Minority Majority Districts
Through the VRA, the federal government moved to guarantee access for all citizens to the ballot. Even so, the right to vote did not necessarily translate into electing representatives for voters who were in the minority. In jurisdictions, particularly in the South, voters who historically had faced racial discrimination (African-Americans, Latinos, Asian-Pacific Americans and Native Americans) had been unable to elect candidates of their choice unless they constituted a majority of voters in a given electoral district. In 1982, Congress amended the VRA to include requirements that certain jurisdictions provide minority voters opportunities to elect candidates of their choice.
Initially, these jurisdictions turned minority populations into a majority through re-drawing legislative districts. This created an overall racial majority from a formerly minority population in a particular district. But this approach has serious drawbacks, especially when a minority group is not centralized, but is dispersed geographically or interspersed with other groups of voters. Consequently, these race-conscious districts encountered setbacks at the Supreme Court, which outlawed explicit “racial gerrymanders.”

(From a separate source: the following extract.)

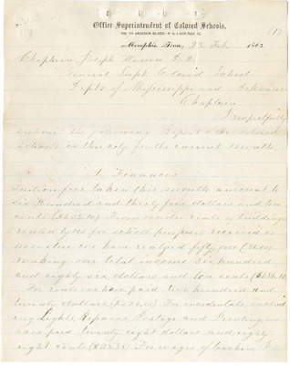 Correspondence to Chaplain Joseph Warren, General Superintendent of Colored Schools, Departments of Mississippi and Arkansas, from L. H. Cobb, Superintendent of Colored Schools, Memphis, TN, 1865 February 25. "Chaplain respectfully submit the following report of the Colored Schools in this city for the current month." This report details finances, efficiency of teachers, missionaries, changes, explanations, wants, suggestions, statistics, and a list of teachers.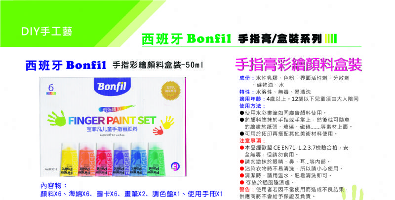 BONFIL手指彩繪顏料 50ml 6色組

As a result of many legal disputes and public controversies concerning effective minority representation, courts have ordered ward-based systems (single-member districts) as remedies in vote dilution cases. This supports the notion that the best determinant of a black candidate’s electoral success is the racial composition of the electoral jurisdictions. But in the 1993 Supreme Court decision of Shaw v. Reno, the Court declared that a North Carolina reapportionment scheme constituted racial gerrymandering under the Equal Protection Clause of the Fourteenth Amendment. This ruling allows white voters to object to what they perceive as racially motivated districting. Cases similar to Shaw, and cases resulting from the Shaw decision filled the courts. Voting rights attorneys, civil rights groups, and community activists defended majority minority voting districts and to protect them in light of the Shaw decision.
Many would agree that the VRA is perhaps the most significant piece of legislation designed to secure minority electoral rights. However, the VRA is vulnerable to attack on the grounds that it may overextend its original mandate. Some have argued that proponents of the VRA have confused the “right to vote” with the “right to be elected.” Many people of color have won federal, state, and local elections. Their success may not have been possible without such aggressive policy measures as the VRA. Yet despite the protections of the VRA, courts continue to address controversies surrounding new methods to dilute the collective strength of black voters.
The creation of majority-black districts has been the overarching federal policy regarding minority representation after the VRA was enacted. Even so, there are many views about the need and effectiveness of majority-black districts. Likewise, the case of Shaw v. Reno places majority-black districting in a somewhat tenuous position as more and more groups of whites begin to assert that redistricting plans have resulted in a new kind of “political apartheid,” preventing them from full and effective use of the ballot. Efforts continue to work out a solution that passes constitutional muster and it remains to be seen what that solution will be.